'''
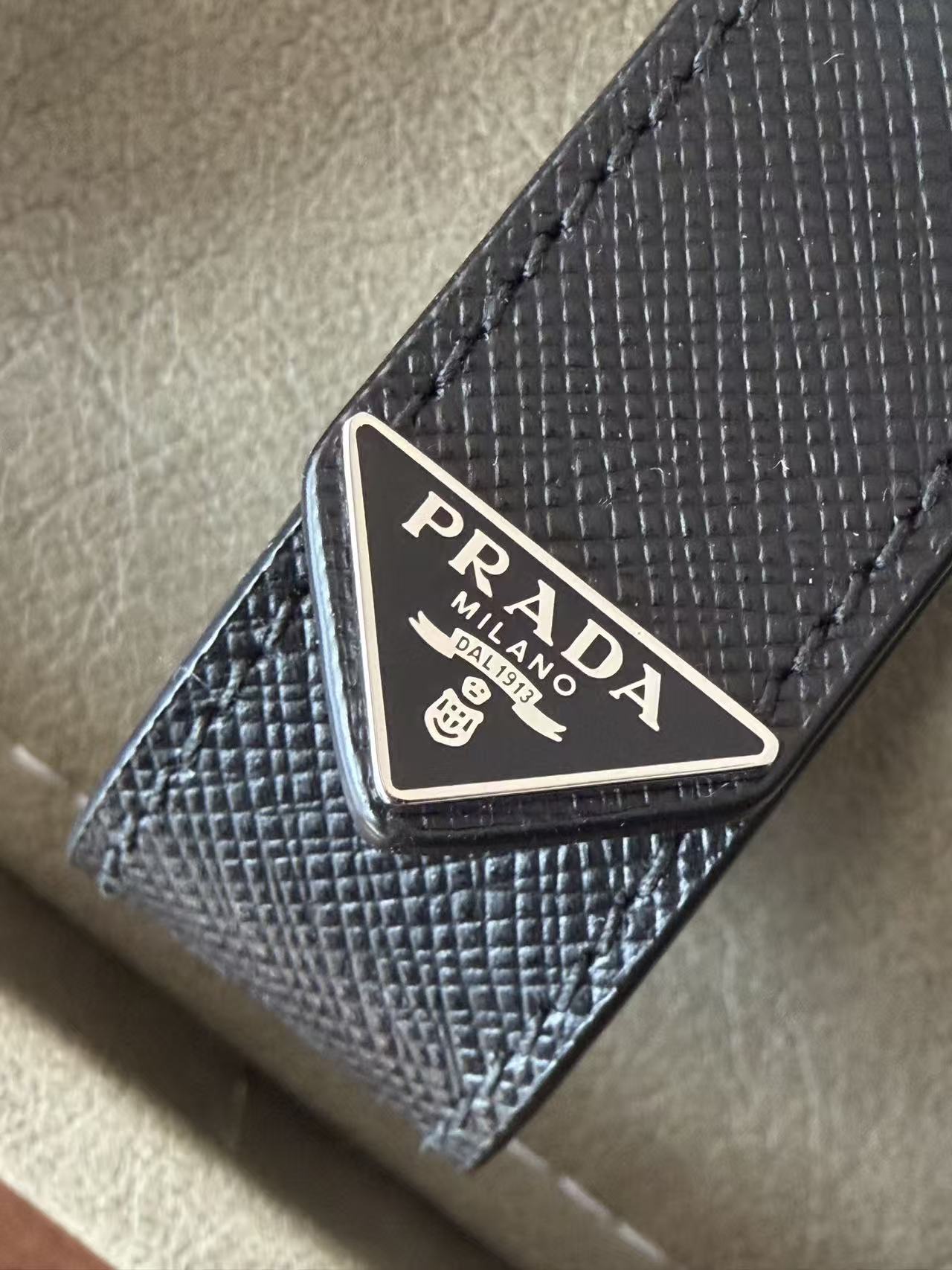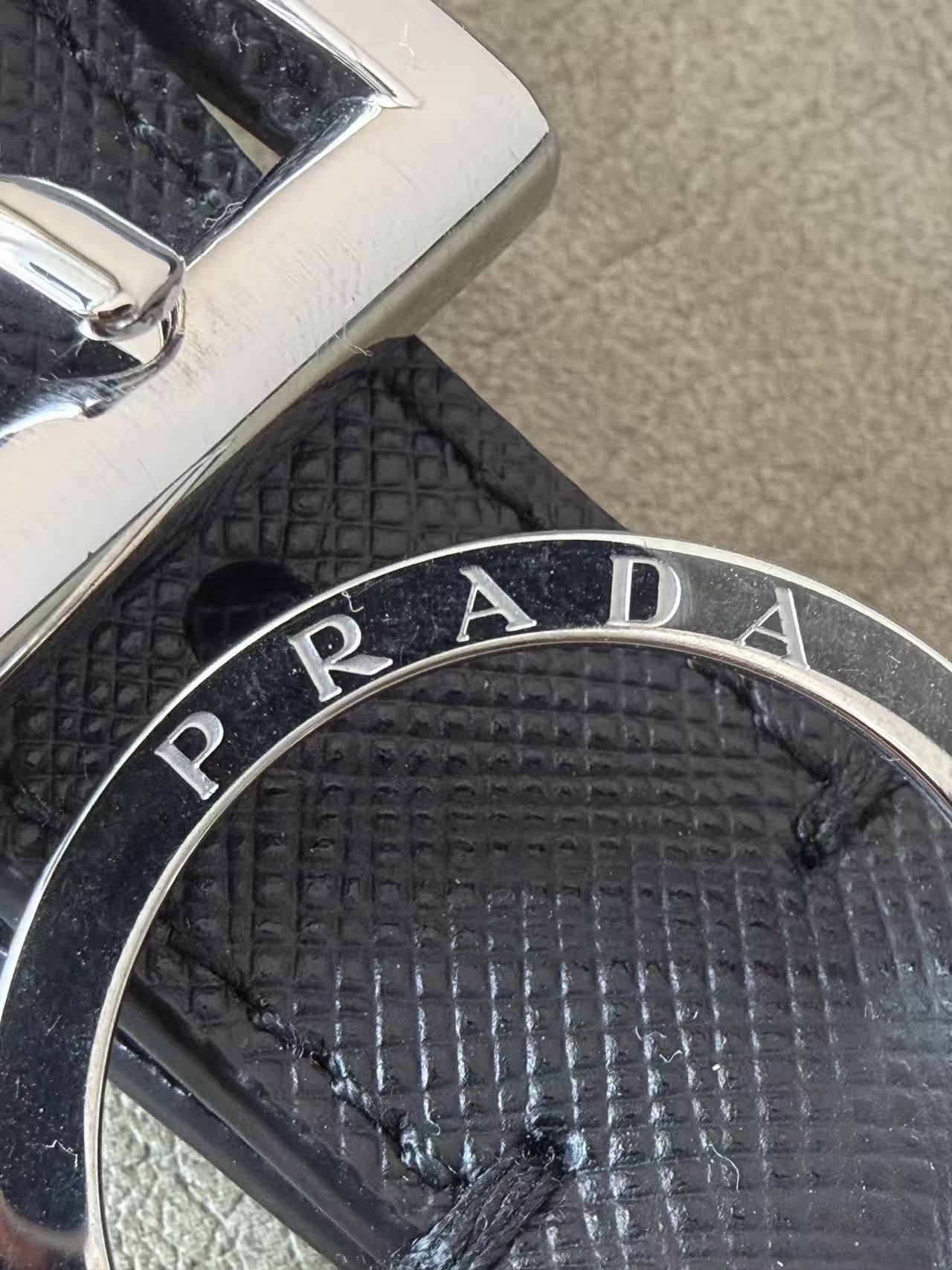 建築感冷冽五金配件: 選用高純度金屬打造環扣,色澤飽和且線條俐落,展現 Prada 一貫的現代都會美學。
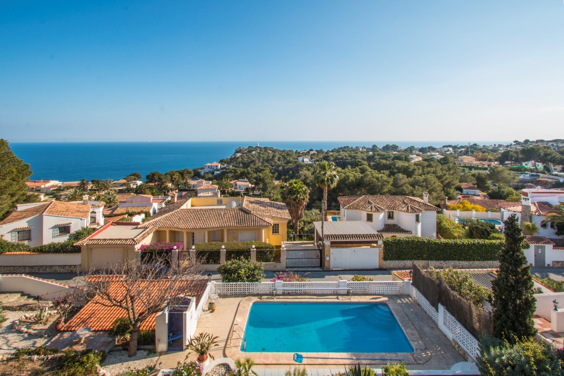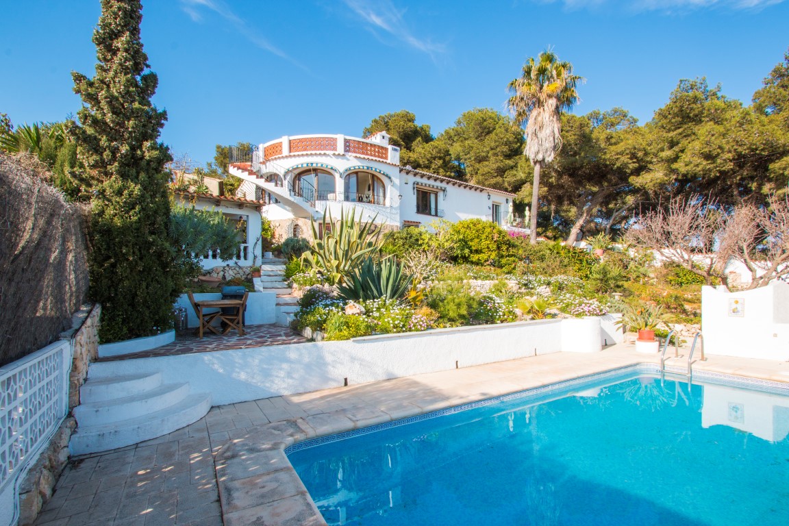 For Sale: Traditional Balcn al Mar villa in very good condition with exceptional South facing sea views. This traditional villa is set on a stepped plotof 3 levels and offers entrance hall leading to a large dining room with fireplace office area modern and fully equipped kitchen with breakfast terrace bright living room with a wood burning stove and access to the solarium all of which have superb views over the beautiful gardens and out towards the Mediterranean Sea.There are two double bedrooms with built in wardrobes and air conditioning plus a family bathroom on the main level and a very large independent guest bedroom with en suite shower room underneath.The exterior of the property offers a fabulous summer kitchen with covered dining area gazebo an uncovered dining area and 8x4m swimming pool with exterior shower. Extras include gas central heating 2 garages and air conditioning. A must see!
'''
'''
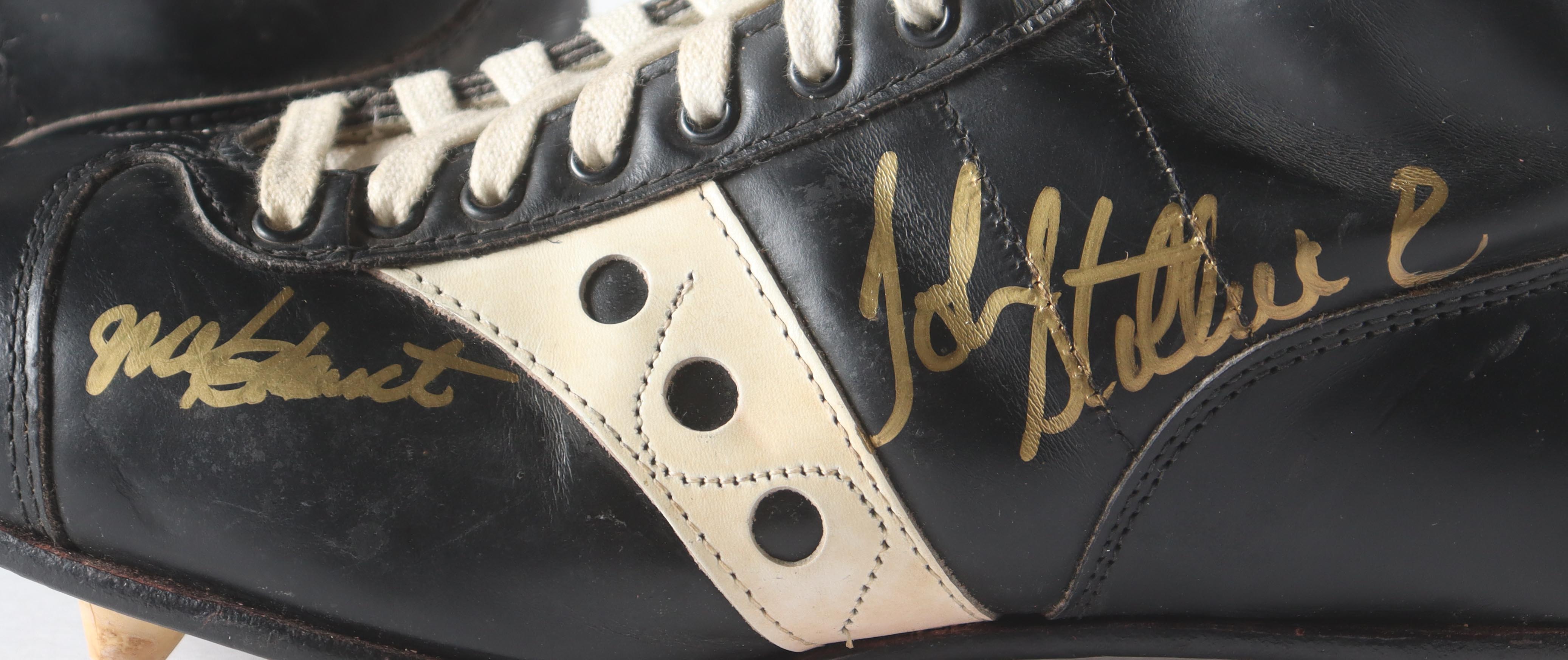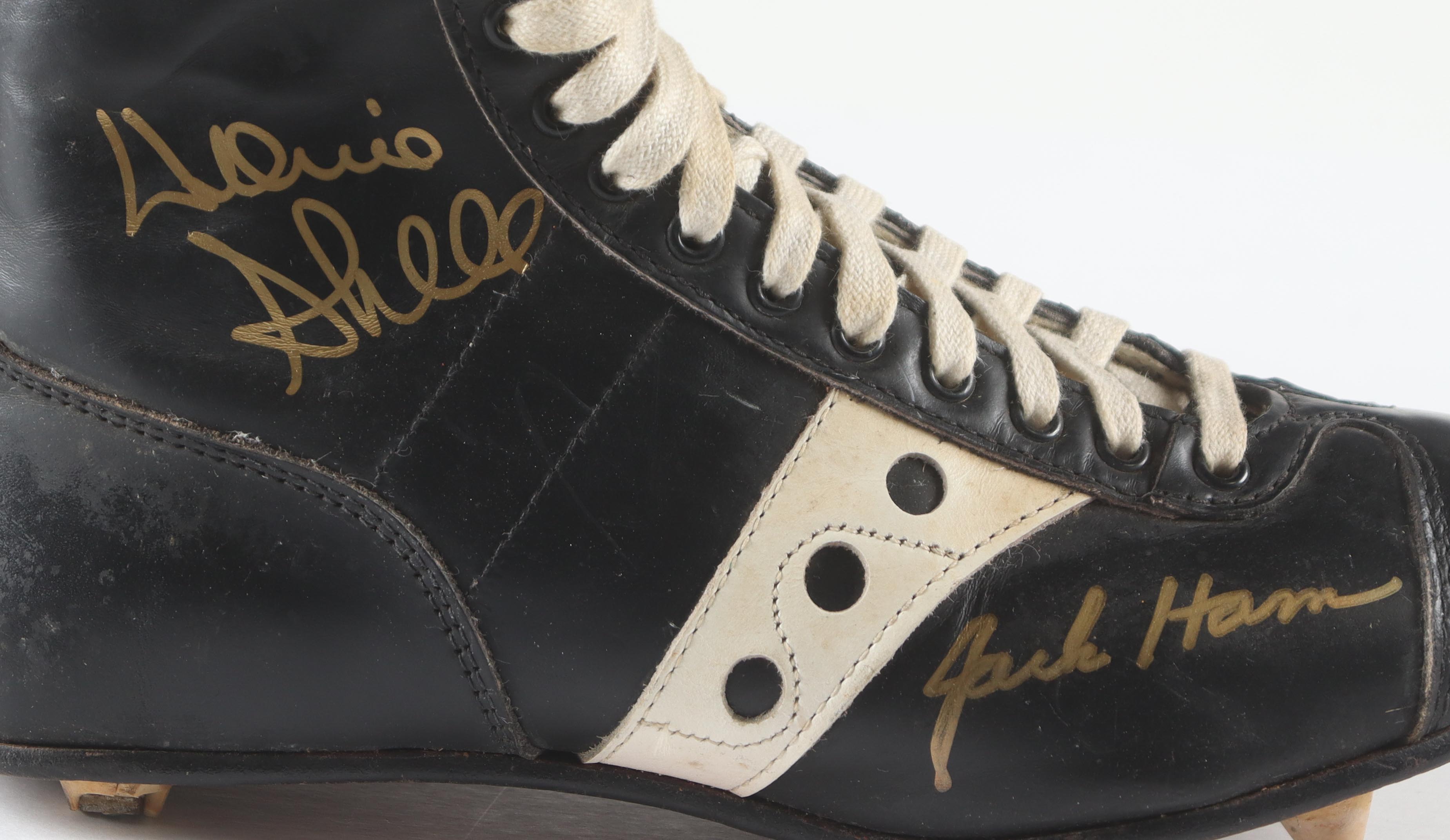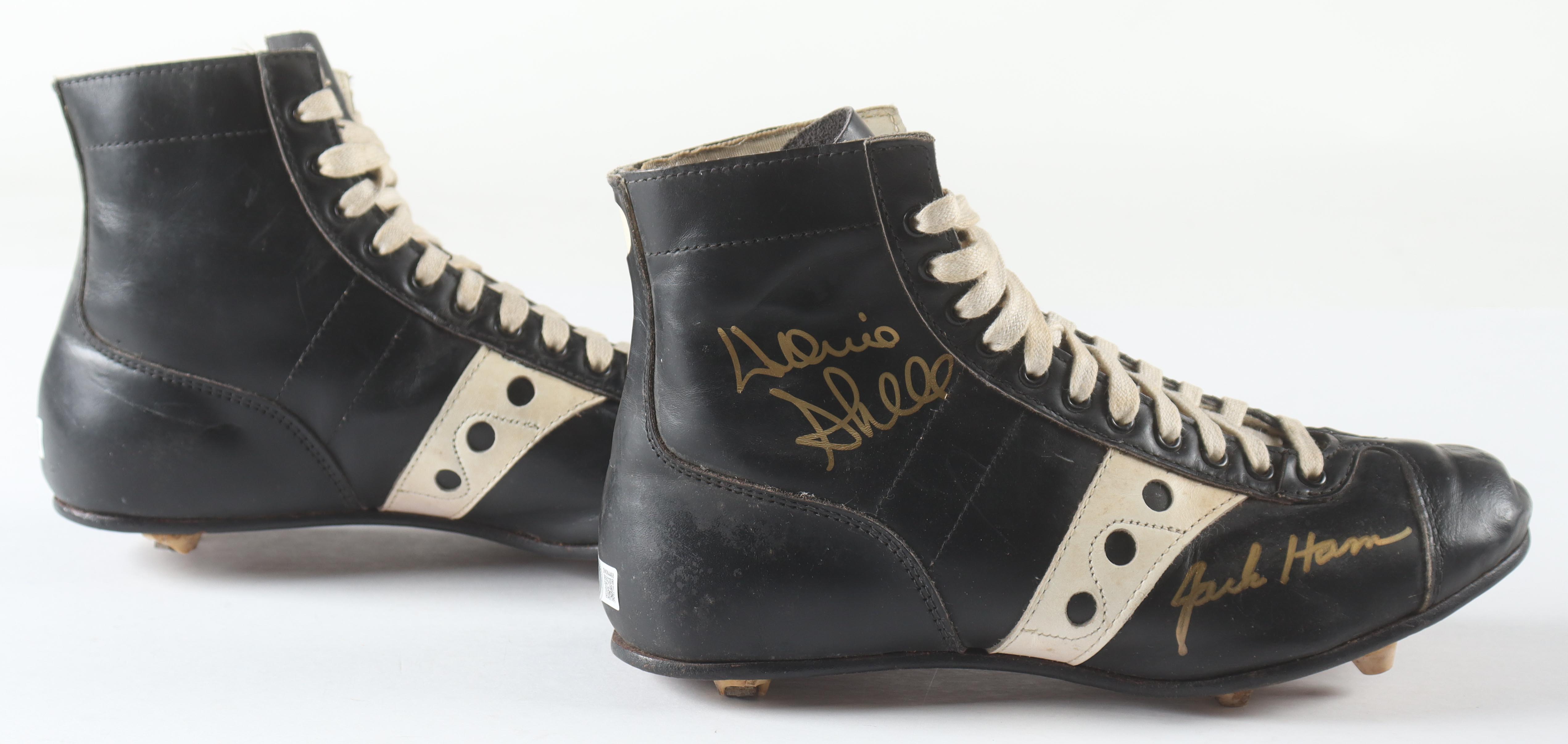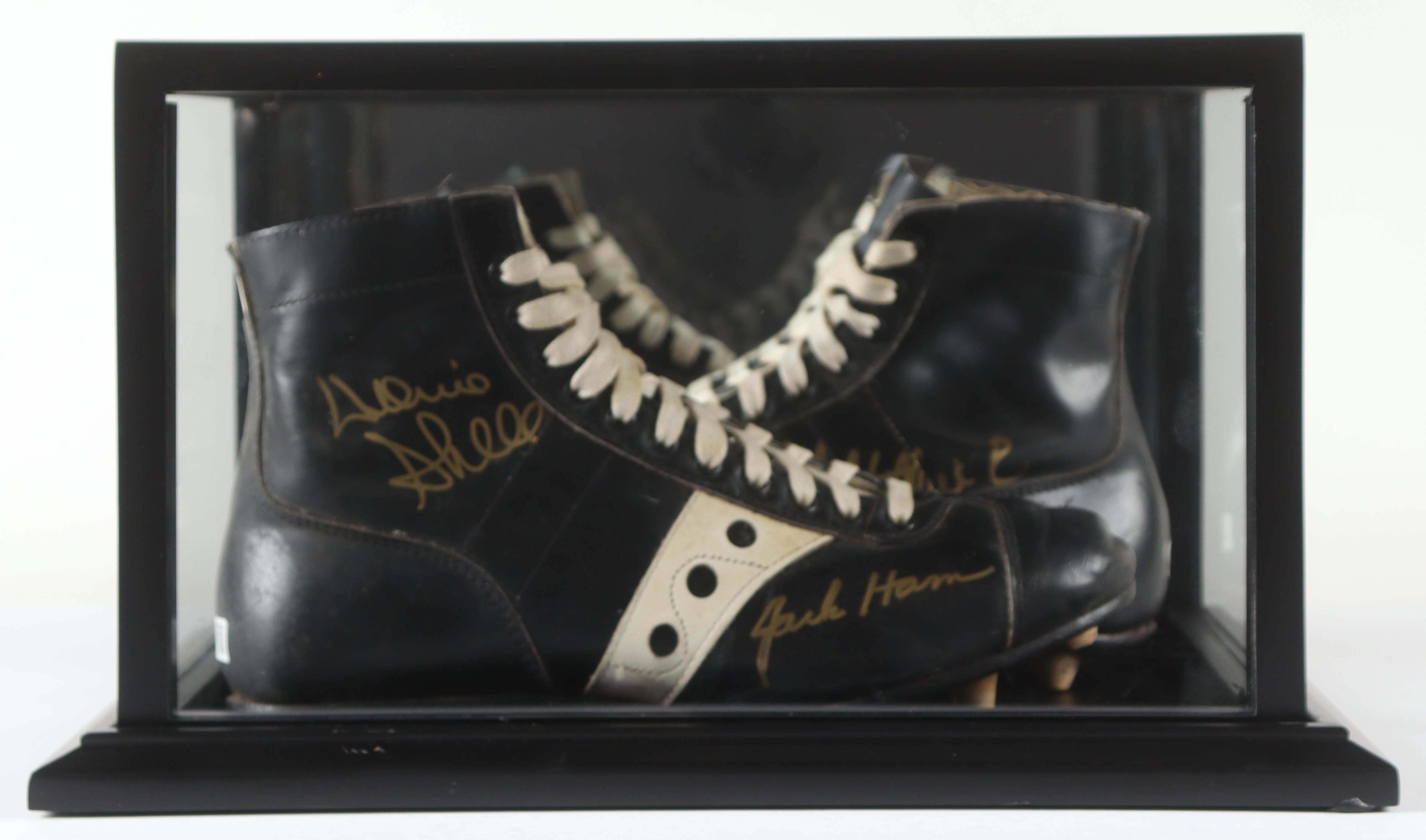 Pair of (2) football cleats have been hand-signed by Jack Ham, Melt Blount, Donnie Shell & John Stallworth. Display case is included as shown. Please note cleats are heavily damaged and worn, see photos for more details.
'''
» **Problem to solve**
In the listing above, find the line containing "建築感冷冽五金配件: 選用高純度金屬打造環扣,色澤飽和且線條俐落,展現 Prada" and the line containing "For Sale: Traditional". Print those two lines and every line between them exactly, with no pictures.

» **Your response**
 建築感冷冽五金配件: 選用高純度金屬打造環扣,色澤飽和且線條俐落,展現 Prada 一貫的現代都會美學。
 For Sale: Traditional Balcn al Mar villa in very good condition with exceptional South facing sea views. This traditional villa is set on a stepped plotof 3 levels and offers entrance hall leading to a large dining room with fireplace office area modern and fully equipped kitchen with breakfast terrace bright living room with a wood burning stove and access to the solarium all of which have superb views over the beautiful gardens and out towards the Mediterranean Sea.There are two double bedrooms with built in wardrobes and air conditioning plus a family bathroom on the main level and a very large independent guest bedroom with en suite shower room underneath.The exterior of the property offers a fabulous summer kitchen with covered dining area gazebo an uncovered dining area and 8x4m swimming pool with exterior shower. Extras include gas central heating 2 garages and air conditioning. A must see!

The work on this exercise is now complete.